TASK DESCRIPTION: Without any of its pictures, the listing below should be output exactly.

RECORDED DATA:
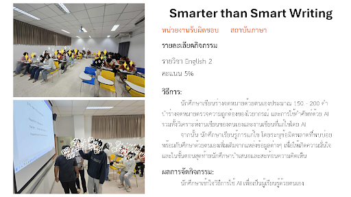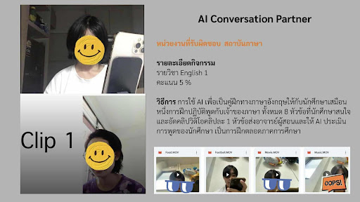 อาจารย์ผู้สอนได้บูรณาการการใช้ปัญญาประดิษฐ์เข้ากับการเรียนการสอนอย่างสร้างสรรค์ ผ่านกิจกรรม “Conversation Partner” ในรายวิชาภาษาอังกฤษ 1 และ “Improving Writing by AI” ในรายวิชาภาษาอังกฤษ 2 นักศึกษาสามารถเลือกหัวข้อสนทนาที่สนใจ ไม่ว่าจะเป็นการแนะนำตนเอง การสัมภาษณ์งาน หรือการนำเสนอโครงการ เพื่อฝึกทักษะการพูดนอกเวลาเรียน หรือให้ AI ช่วยให้คำแนะนำเกี่ยวกับงานเขียนภาษาอังกฤษ การเรียนรู้จึงไม่หยุดนิ่งเพียงในห้องเรียน แต่ขยายไปสู่ทุกมิติของชีวิตประจำวัน
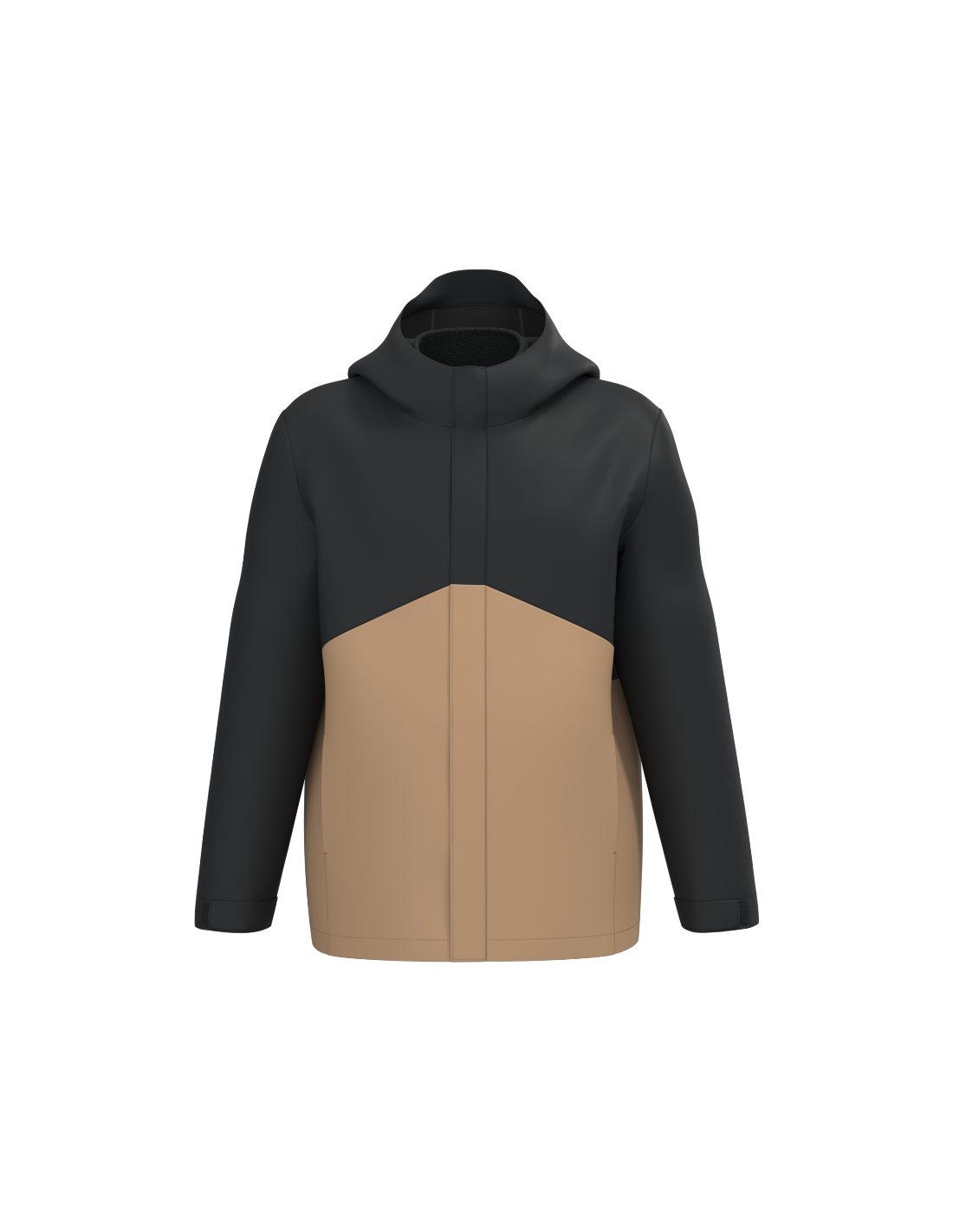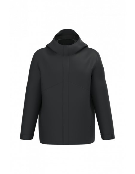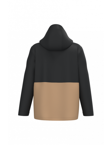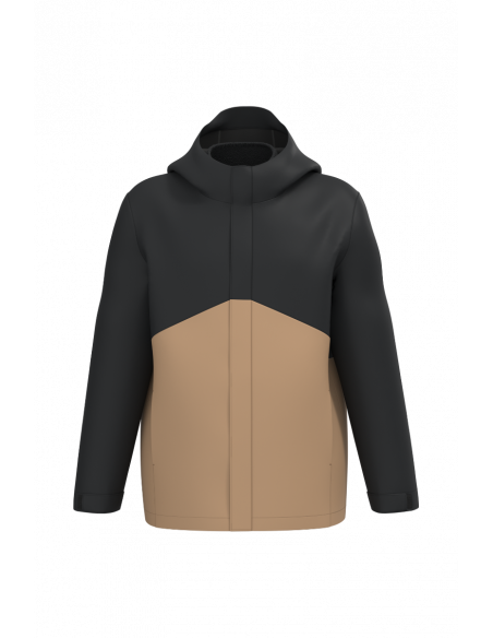 Tissu léger et respirant 3000 g/m² /24h et imperméable 4000 mm. Tissu avec membrane intérieure et coutures thermo soudées permettant au produit d'être imperméable. Coupe droite. Empiècement sur le devant et le dos ton sur ton pour la version Black et bicolore pour les versions Camel/Black et Navy/Dark Grey. Fermeture zippée invisible avec pattes auto-agrippante, zip inversé, double tire-zip métal. Doublure polaire amovible avec fermeture zippée. Deux poches latérales passepoilées extérieures zippées. Intérieur : une poche pour téléphone portable côté cœur et deux poches latérales zippées sur la doublure polaire. Capuche 3 panneaux avec visière, cordon de serrage et stoppeurs. Bas de manche réglable avec bande auto-agrippante. Bas de vêtement ajustable avec cordon de serrage et stoppeurs invisibles.
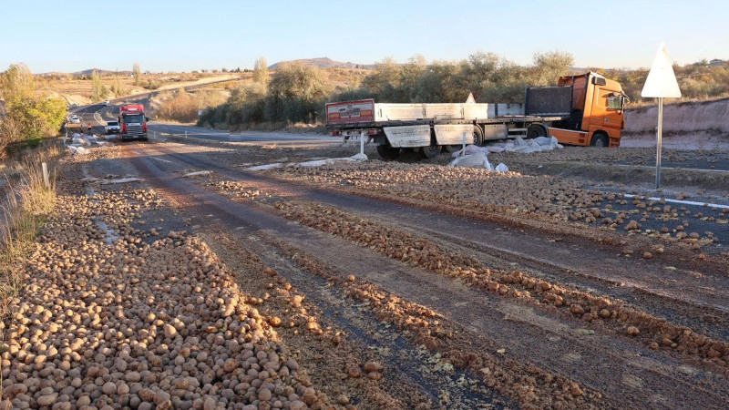 Tek taraflı trafik kazasında TIR sürücüsü Samet Ş. kazayı yara almadan atlatırken, kazanın etkisiyle TIR’ın dorsesinde bulunan 30 ton patatesin tamamı yola savruldu. Yola dağılan patatesler nedeniyle sürücüler zor anlar yaşarken, bir süre Gülşehir’den Nevşehir istikametine trafik verilemedi, trafik akışı tamamen durdu. Kaza nedeniyle yolda uzun araç kuyrukları oluştu. Olay yerine gelen polis ekipleri yol güvenliğini sağlayarak trafiği kontrollü şekilde yönlendirdi. Karayolunda trafik akışı kontrollü şekilde tek şeritten sağlanırken, Karayolu ekipleri tarafından yolda temizlik çalışmaları yapıldı.
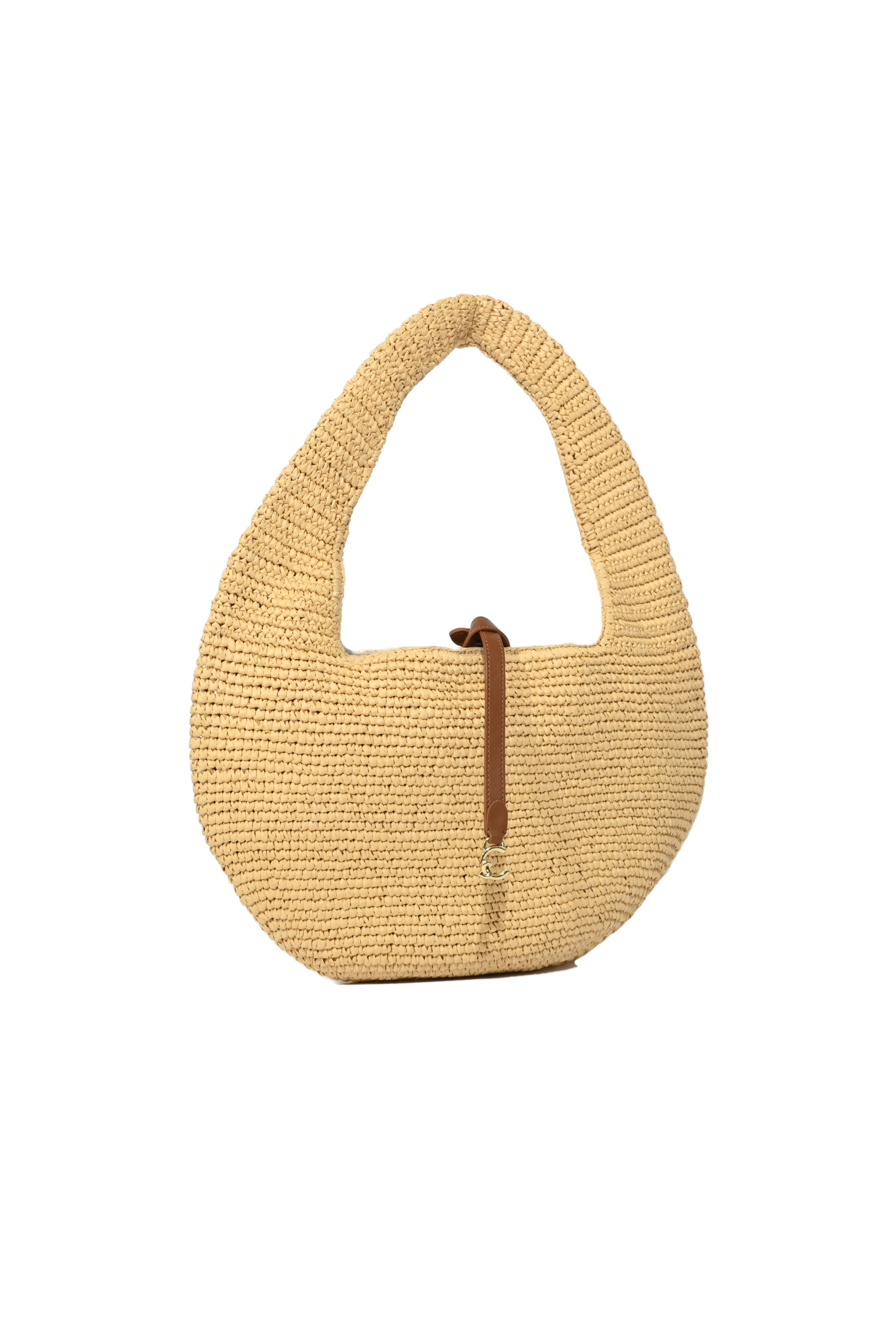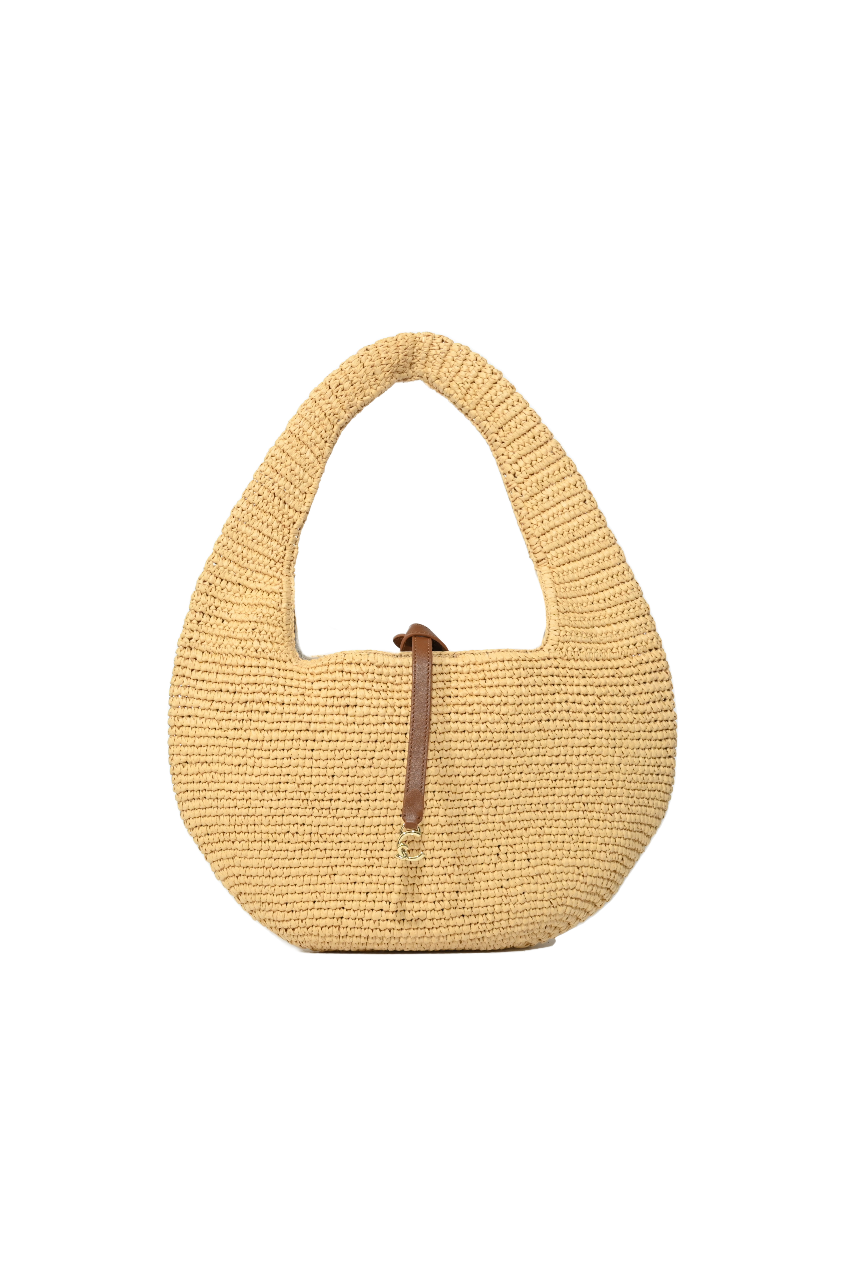 Borsa C-Me Medium in paglia e pelle Natural/Cognac

ANSWER TO THE PROBLEM:
 อาจารย์ผู้สอนได้บูรณาการการใช้ปัญญาประดิษฐ์เข้ากับการเรียนการสอนอย่างสร้างสรรค์ ผ่านกิจกรรม “Conversation Partner” ในรายวิชาภาษาอังกฤษ 1 และ “Improving Writing by AI” ในรายวิชาภาษาอังกฤษ 2 นักศึกษาสามารถเลือกหัวข้อสนทนาที่สนใจ ไม่ว่าจะเป็นการแนะนำตนเอง การสัมภาษณ์งาน หรือการนำเสนอโครงการ เพื่อฝึกทักษะการพูดนอกเวลาเรียน หรือให้ AI ช่วยให้คำแนะนำเกี่ยวกับงานเขียนภาษาอังกฤษ การเรียนรู้จึงไม่หยุดนิ่งเพียงในห้องเรียน แต่ขยายไปสู่ทุกมิติของชีวิตประจำวัน
 Tissu léger et respirant 3000 g/m² /24h et imperméable 4000 mm. Tissu avec membrane intérieure et coutures thermo soudées permettant au produit d'être imperméable. Coupe droite. Empiècement sur le devant et le dos ton sur ton pour la version Black et bicolore pour les versions Camel/Black et Navy/Dark Grey. Fermeture zippée invisible avec pattes auto-agrippante, zip inversé, double tire-zip métal. Doublure polaire amovible avec fermeture zippée. Deux poches latérales passepoilées extérieures zippées. Intérieur : une poche pour téléphone portable côté cœur et deux poches latérales zippées sur la doublure polaire. Capuche 3 panneaux avec visière, cordon de serrage et stoppeurs. Bas de manche réglable avec bande auto-agrippante. Bas de vêtement ajustable avec cordon de serrage et stoppeurs invisibles.
 Tek taraflı trafik kazasında TIR sürücüsü Samet Ş. kazayı yara almadan atlatırken, kazanın etkisiyle TIR’ın dorsesinde bulunan 30 ton patatesin tamamı yola savruldu. Yola dağılan patatesler nedeniyle sürücüler zor anlar yaşarken, bir süre Gülşehir’den Nevşehir istikametine trafik verilemedi, trafik akışı tamamen durdu. Kaza nedeniyle yolda uzun araç kuyrukları oluştu. Olay yerine gelen polis ekipleri yol güvenliğini sağlayarak trafiği kontrollü şekilde yönlendirdi. Karayolunda trafik akışı kontrollü şekilde tek şeritten sağlanırken, Karayolu ekipleri tarafından yolda temizlik çalışmaları yapıldı.
 Borsa C-Me Medium in paglia e pelle Natural/Cognac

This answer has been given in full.